Task description: Would you output the lines from the one with "Magnetic hysteresis cycle" through the last line of the material below, exactly, but without pictures?

Recorded data:
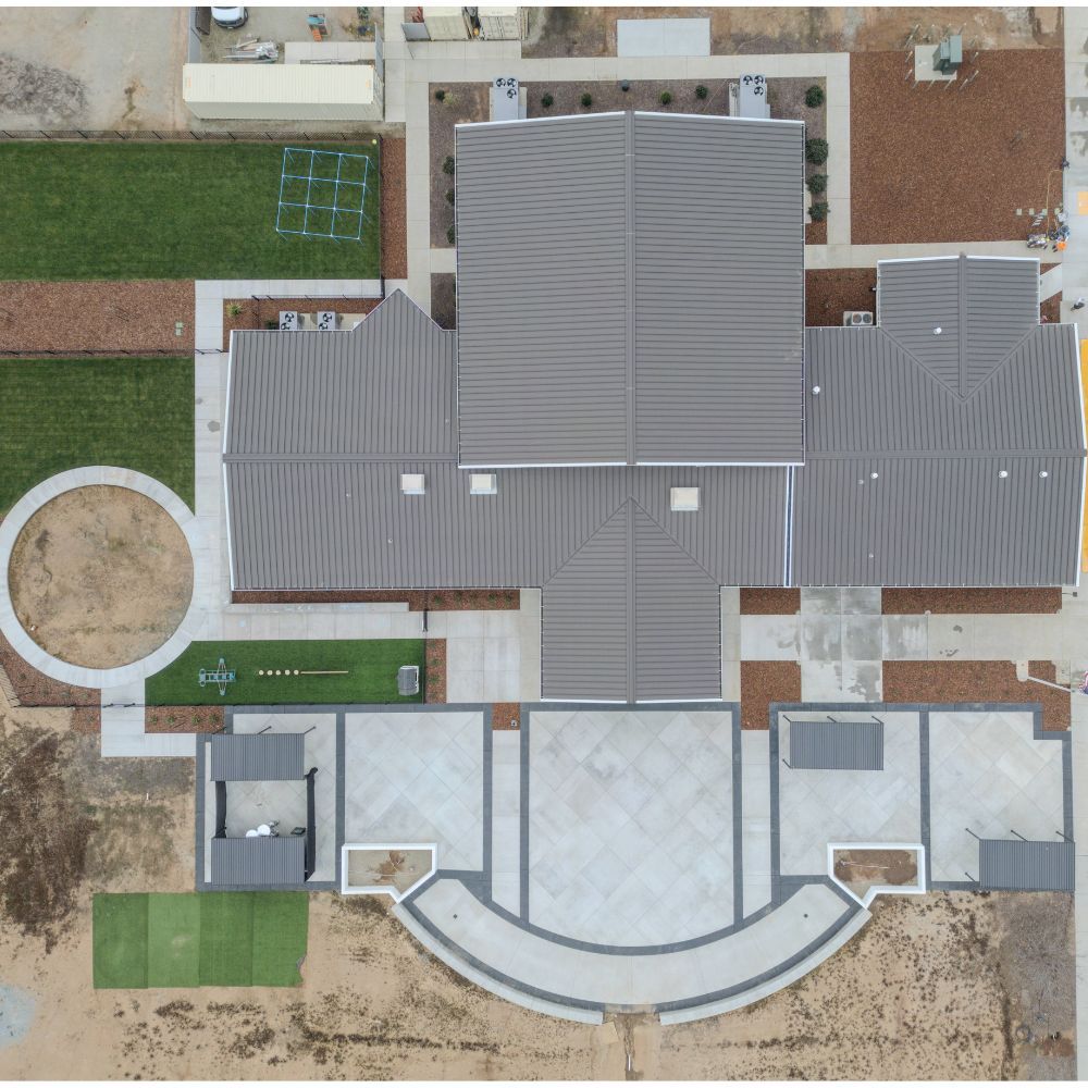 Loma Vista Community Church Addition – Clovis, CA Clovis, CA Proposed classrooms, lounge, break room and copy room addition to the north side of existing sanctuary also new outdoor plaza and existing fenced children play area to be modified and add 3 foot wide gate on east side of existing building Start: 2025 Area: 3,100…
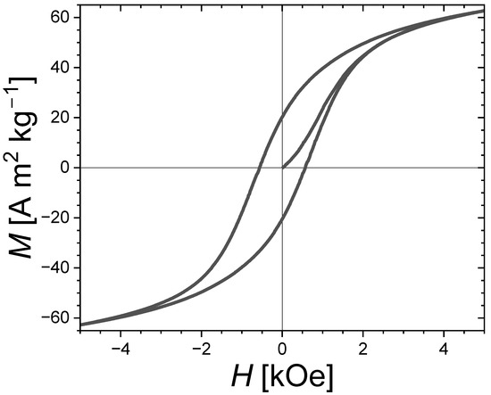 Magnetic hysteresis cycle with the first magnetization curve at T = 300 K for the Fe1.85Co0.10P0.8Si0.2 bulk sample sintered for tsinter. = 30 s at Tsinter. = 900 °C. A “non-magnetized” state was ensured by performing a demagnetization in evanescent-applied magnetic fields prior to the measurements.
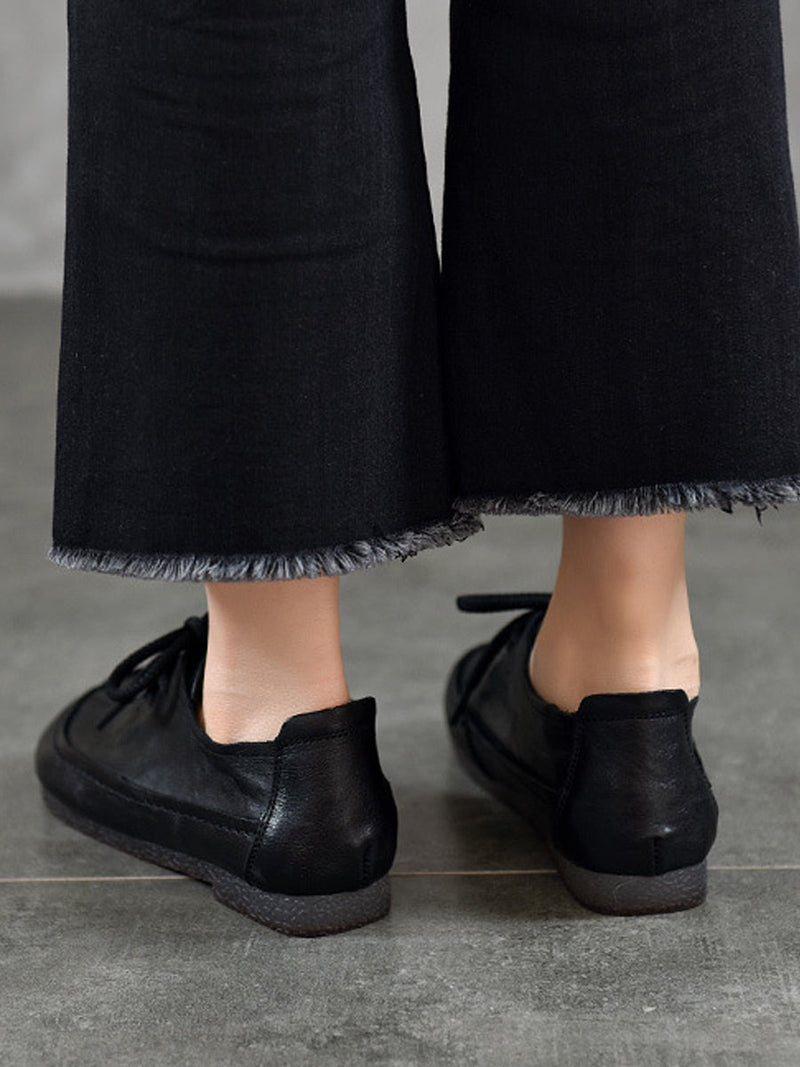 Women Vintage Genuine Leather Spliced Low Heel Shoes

Solution to this exercise:
 Magnetic hysteresis cycle with the first magnetization curve at T = 300 K for the Fe1.85Co0.10P0.8Si0.2 bulk sample sintered for tsinter. = 30 s at Tsinter. = 900 °C. A “non-magnetized” state was ensured by performing a demagnetization in evanescent-applied magnetic fields prior to the measurements.
 Women Vintage Genuine Leather Spliced Low Heel Shoes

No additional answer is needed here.